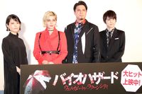 全世界でシリーズ累計売上数1億1700万本を突破した人気ゲームから生まれたサバイバル・アクション映画「バイオハザード」シリーズ。その原点を描く『バイオハザード:ウェルカム・トゥ・ラクーンシティ』の初日舞台挨拶イベントが1月28日にTOHOシネマズ六本木ヒルズで開催され、日本語吹替え版声優のファイルーズあい(クレア・レッドフィールド役)、木村昴(クリス・レッドフィールド役)、沢城みゆき(ジル・バレンタイン役)、梶裕貴(レオン・S・ケネディ役)が登壇。生アフレコやタイトルコールをどれだけ怖く言えるかの選手権を行うなど、豪華声優陣がサービスたっぷりのトークで会場を盛り上げた。
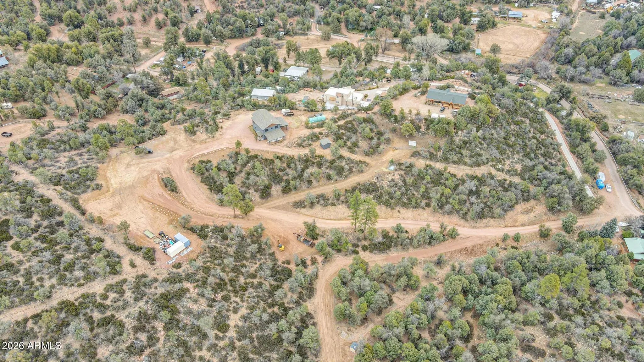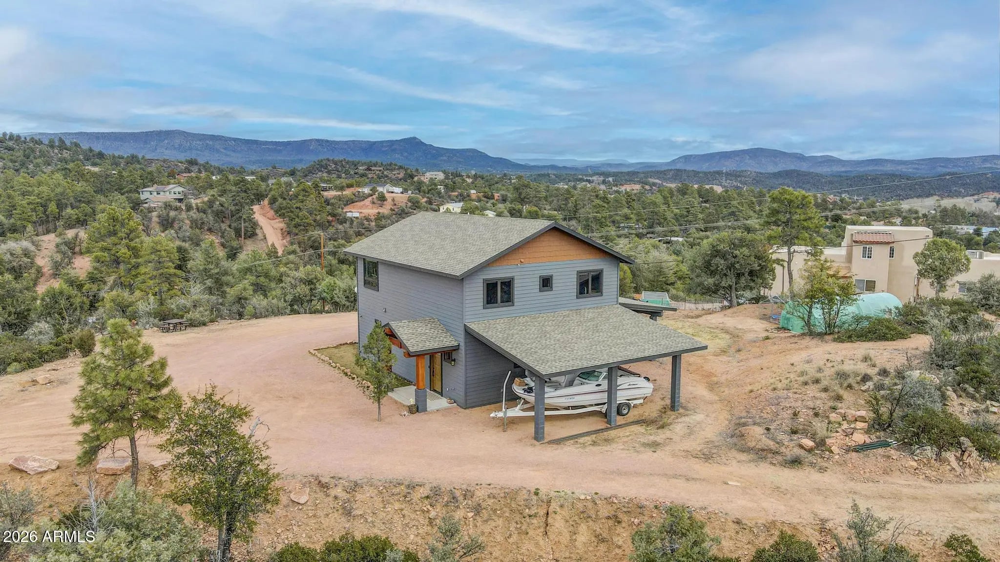 Set on 6 acres with sweeping panoramic views, this exceptional property offers privacy, flexibility, and outstanding future potential. With ample space for horses, recreational vehicles, and outdoor pursuits, this versatile property is perfectly suited for a rural lifestyle with room to grow. The property presents an excellent opportunity for a family compound or a short-term rental that accommodates horses. Extensive groundwork and infrastructure are already in place, offering significant time and cost savings for future development. The property includes an alternative septic system approved to accommodate a future 4-bedroom, 3-bath main residence, along with a private well and a 1,550-gallon storage tank. A cleared building pad is ready for your dream home. An oversized four-car garage located beneath the home is equipped with split-system heating and cooling, making it ideal for vehicle storage, a workshop, or hobby space. The existing residence is a like-new 2-bedroom home built in 2022, offering approximately 1,200 sq ft of thoughtfully designed living space with high-end finishes throughout. The kitchen features LG Smart appliances, quartz countertops and backsplash, custom hickory cabinetry, under-cabinet lighting, and a walk-in pantry. Additional highlights include tongue-and-groove ceilings, luxury vinyl plank flooring throughout, and a spacious custom tile shower. A large covered deck provides the perfect vantage point to enjoy the breathtaking views.
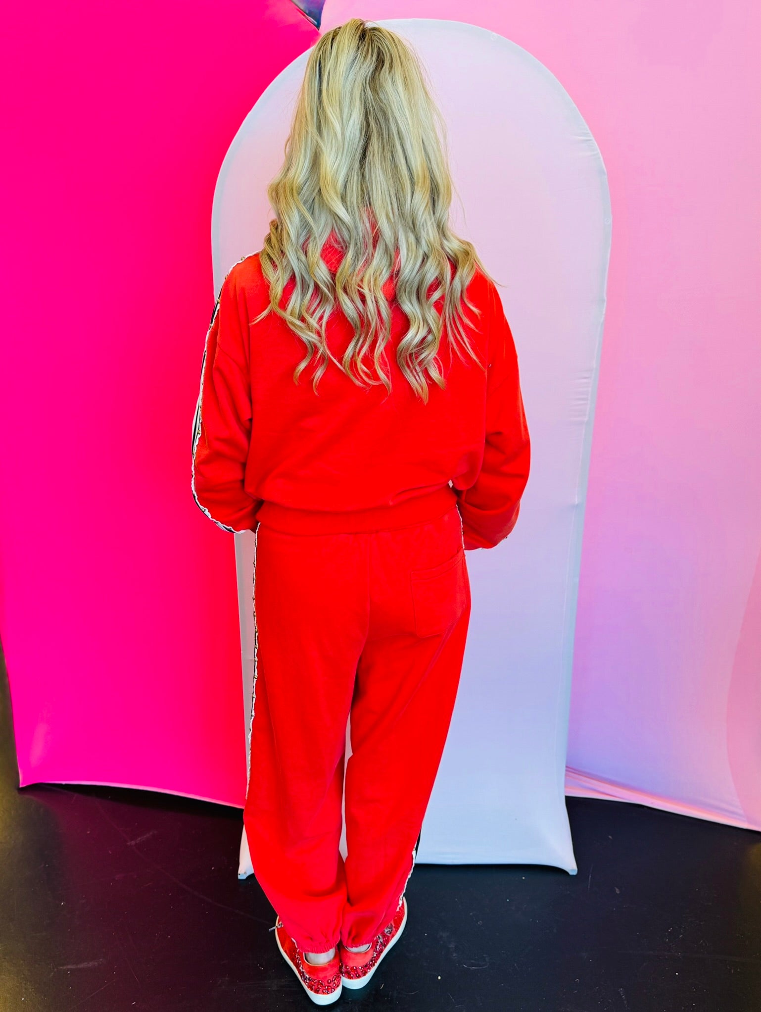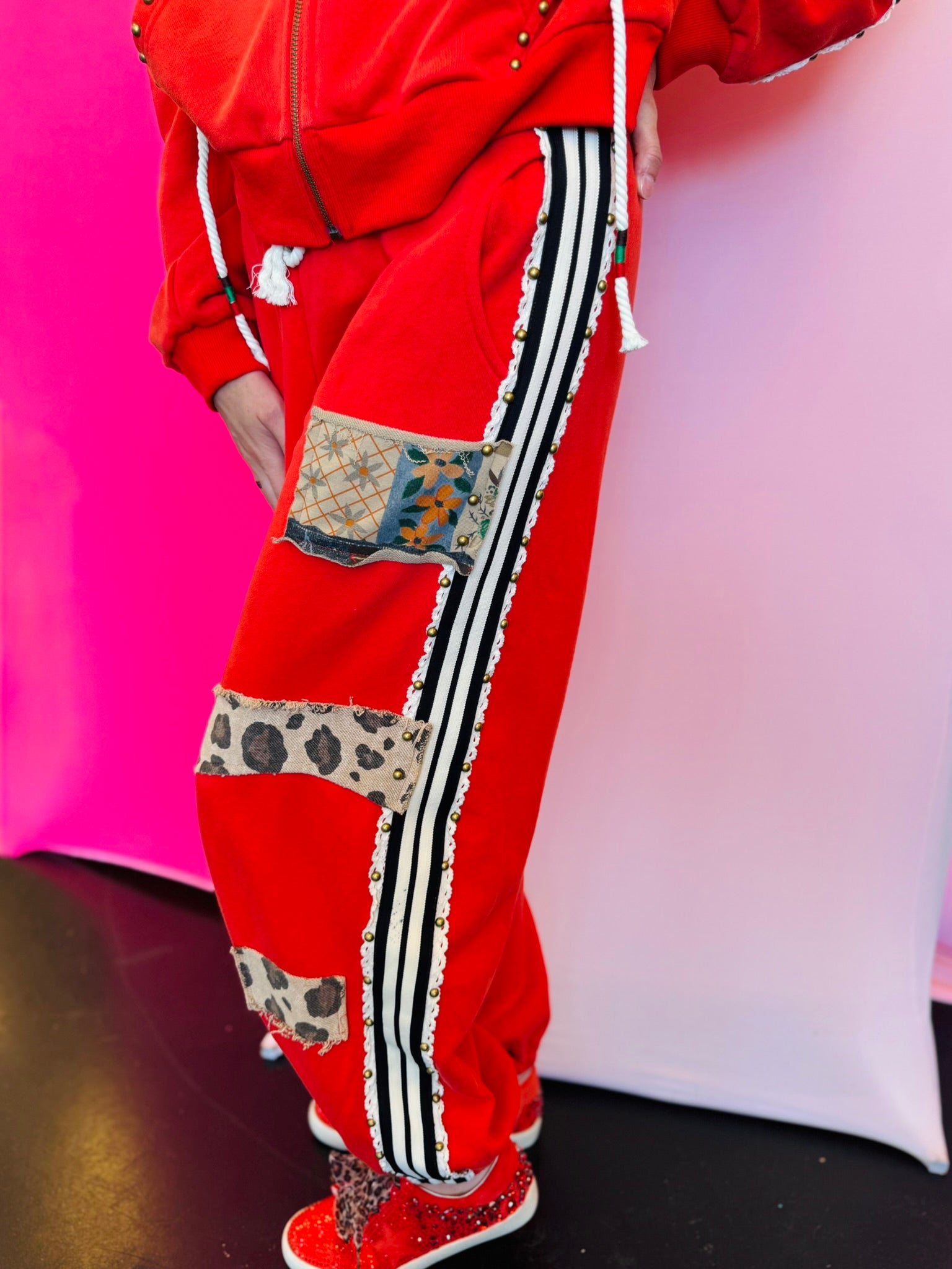 Make a vibrant statement with our palazzo style Red & Leopard Sweatpants! These bold track pants are designed in a roomy fit and crafted from soft French terry for ultimate comfort. They feature eye-catching sporty side stripes with unique studded elastic detailing. Asymmetrical contrast patches, some with edgy animal print accents, add an unexpected wild touch. Perfect for lounging or making a bold fashion statement, these sweatpants blend athletic inspiration with unique, fashion-forward design.
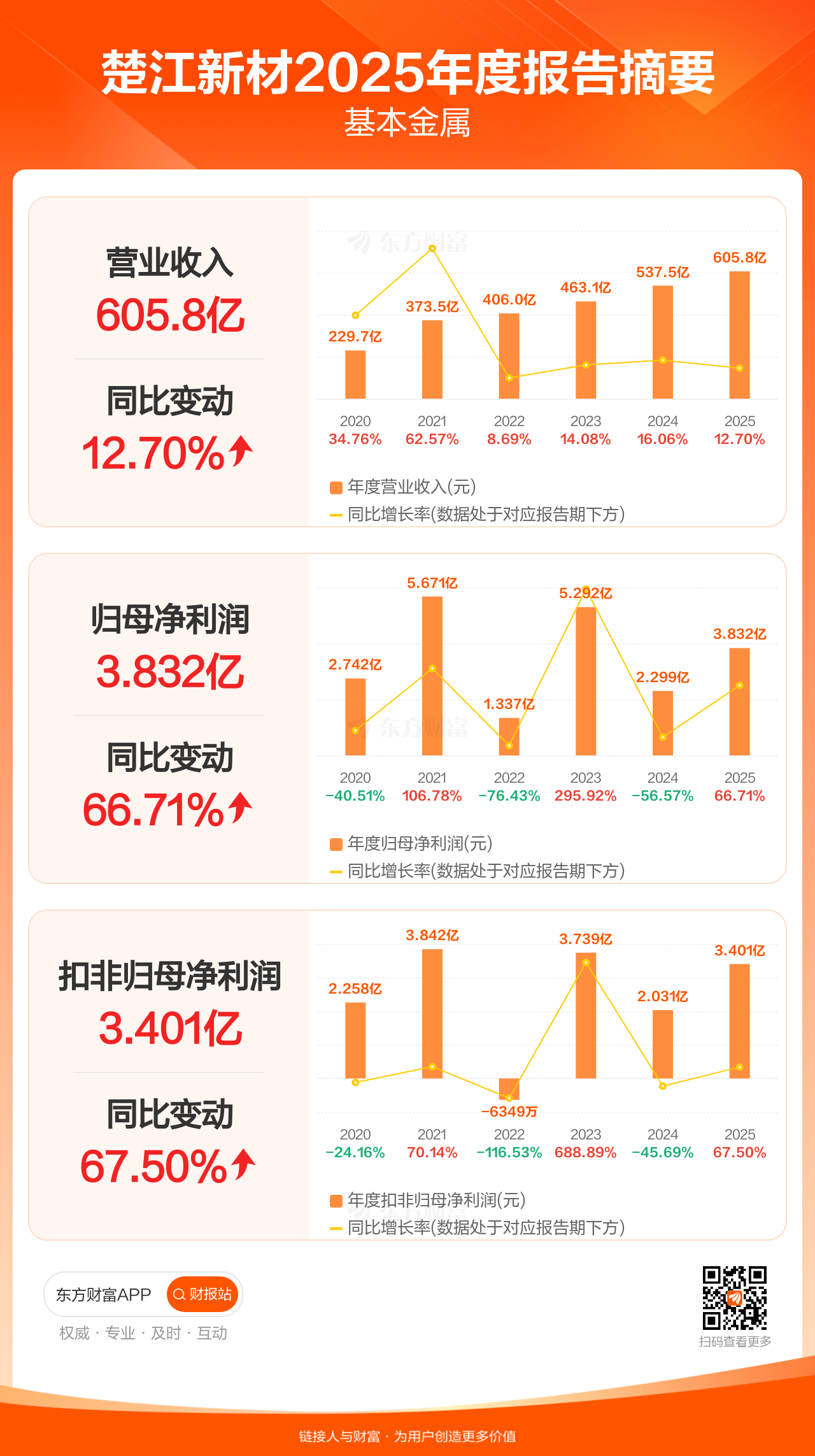 楚江新材4月25日发布2025年年报显示,公司全年实现营业收入605.77亿元,同比增长12.70%;归母净利润3.83亿元,同比增长66.71%;扣非归母净利润3.40亿元,同比增长67.50%。
★ ★ ★ ★ ★
→ Goal of the exercise
Print the data above verbatim from the first line through the line holding "Set on 6 acres", leaving every picture out.

→ Reply to the exercise
 全世界でシリーズ累計売上数1億1700万本を突破した人気ゲームから生まれたサバイバル・アクション映画「バイオハザード」シリーズ。その原点を描く『バイオハザード:ウェルカム・トゥ・ラクーンシティ』の初日舞台挨拶イベントが1月28日にTOHOシネマズ六本木ヒルズで開催され、日本語吹替え版声優のファイルーズあい(クレア・レッドフィールド役)、木村昴(クリス・レッドフィールド役)、沢城みゆき(ジル・バレンタイン役)、梶裕貴(レオン・S・ケネディ役)が登壇。生アフレコやタイトルコールをどれだけ怖く言えるかの選手権を行うなど、豪華声優陣がサービスたっぷりのトークで会場を盛り上げた。
 Set on 6 acres with sweeping panoramic views, this exceptional property offers privacy, flexibility, and outstanding future potential. With ample space for horses, recreational vehicles, and outdoor pursuits, this versatile property is perfectly suited for a rural lifestyle with room to grow. The property presents an excellent opportunity for a family compound or a short-term rental that accommodates horses. Extensive groundwork and infrastructure are already in place, offering significant time and cost savings for future development. The property includes an alternative septic system approved to accommodate a future 4-bedroom, 3-bath main residence, along with a private well and a 1,550-gallon storage tank. A cleared building pad is ready for your dream home. An oversized four-car garage located beneath the home is equipped with split-system heating and cooling, making it ideal for vehicle storage, a workshop, or hobby space. The existing residence is a like-new 2-bedroom home built in 2022, offering approximately 1,200 sq ft of thoughtfully designed living space with high-end finishes throughout. The kitchen features LG Smart appliances, quartz countertops and backsplash, custom hickory cabinetry, under-cabinet lighting, and a walk-in pantry. Additional highlights include tongue-and-groove ceilings, luxury vinyl plank flooring throughout, and a spacious custom tile shower. A large covered deck provides the perfect vantage point to enjoy the breathtaking views.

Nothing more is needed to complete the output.